Oh Sarah, poor Sarah:

A leaked manuscript by one of Sarah Palin's closest aides from her time as governor charges that Palin broke state election law in her 2006 gubernatorial campaign and was consumed by petty grievances up until she resigned.

The unpublished book by Frank Bailey was leaked to the media and widely circulated on Friday.

The manuscript opens with an account of Palin sending Bailey a message saying "I hate this damn job" shortly before she resigned as Alaska's governor in July 2009, less than three years into her four-year term. The manuscript goes on for nearly 500 pages, a mixture of analysis, gossip and allegation. 

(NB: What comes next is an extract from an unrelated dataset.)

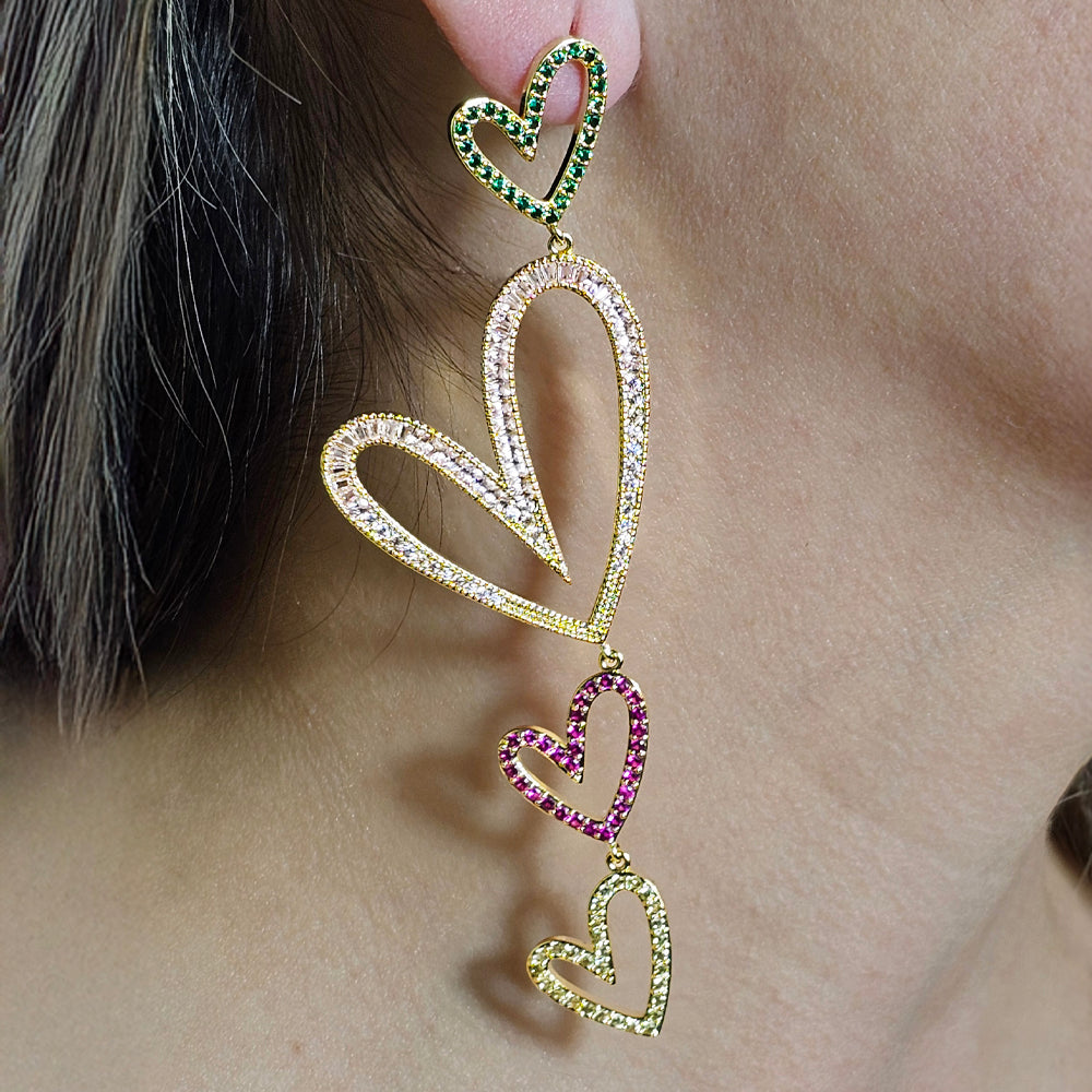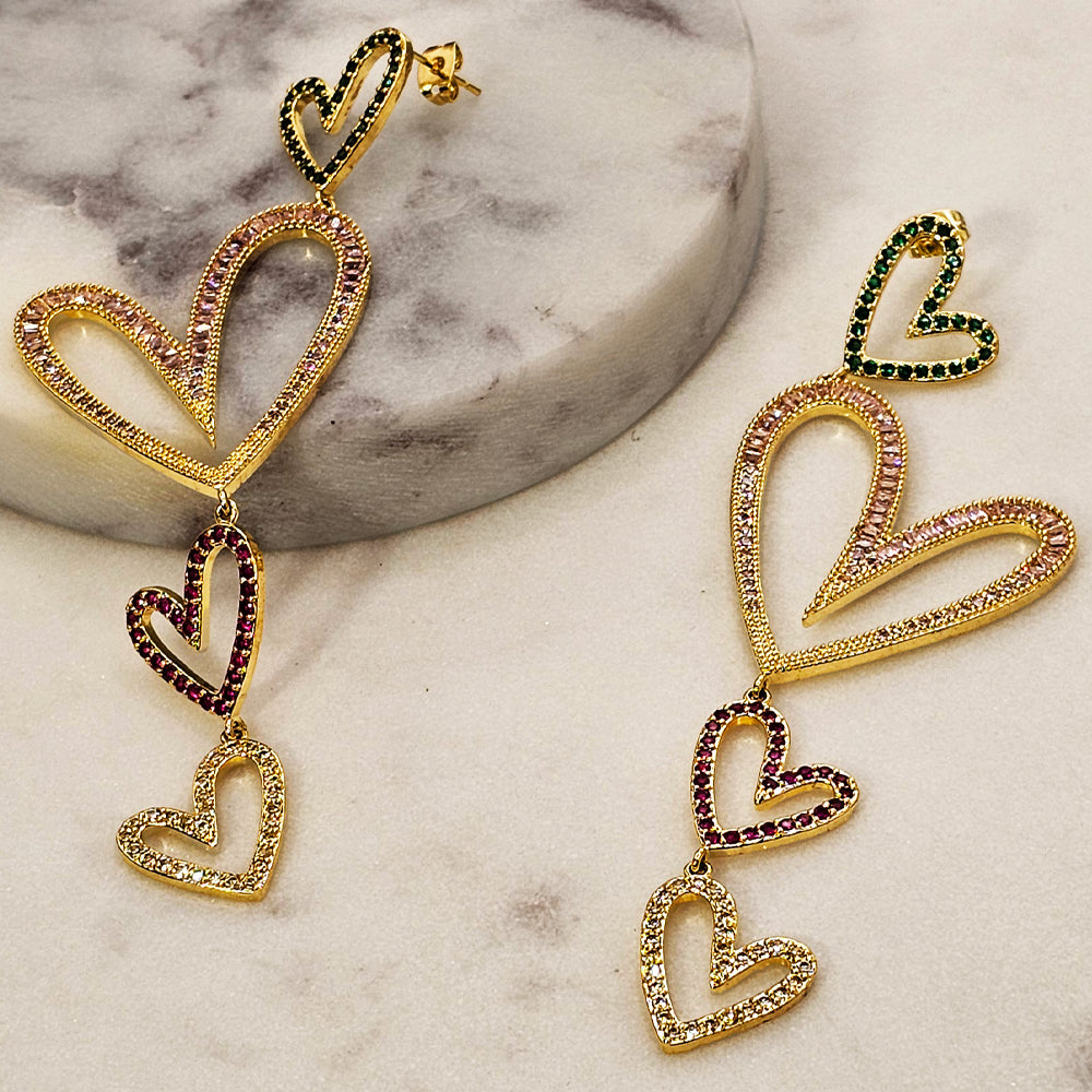 Un diseño encantador que combina la calidez del baño de oro con el brillo vibrante de corazones engastados en cristales verde, rosa, lila y dorado. Cada corazón, delicadamente trabajado, se une al siguiente en una cadena armoniosa que se balancea con suavidad, creando destellos de luz y color en cada movimiento. Una pieza romántica y sofisticada, perfecta para iluminar cualquier look con alegría y elegancia.

Palin, or those speaking for her, as well as her admirers on the right, will no doubt attack the book as the work of a disgruntled ex-staffer with an ax to grind and no credibility, and as a work of unbridled partisanship (given that anti-Palin Mudflats blogger Jeanne Devon is a co-author), but of course the last thing Palin wants is for the truth to come out, and certainly this book is likely to contain more than just gossip and allegation. What we've learned about Palin and those who form her little bubble of delusion is that they strike back with venom whenever they're threatened, whenever the bubble threatens to burst, spilling the lies out into public view, and we can expect that here.

Because if there's one thing Palin, and more specifically the Palin myth, can't abide, it's the truth, even a speck of it.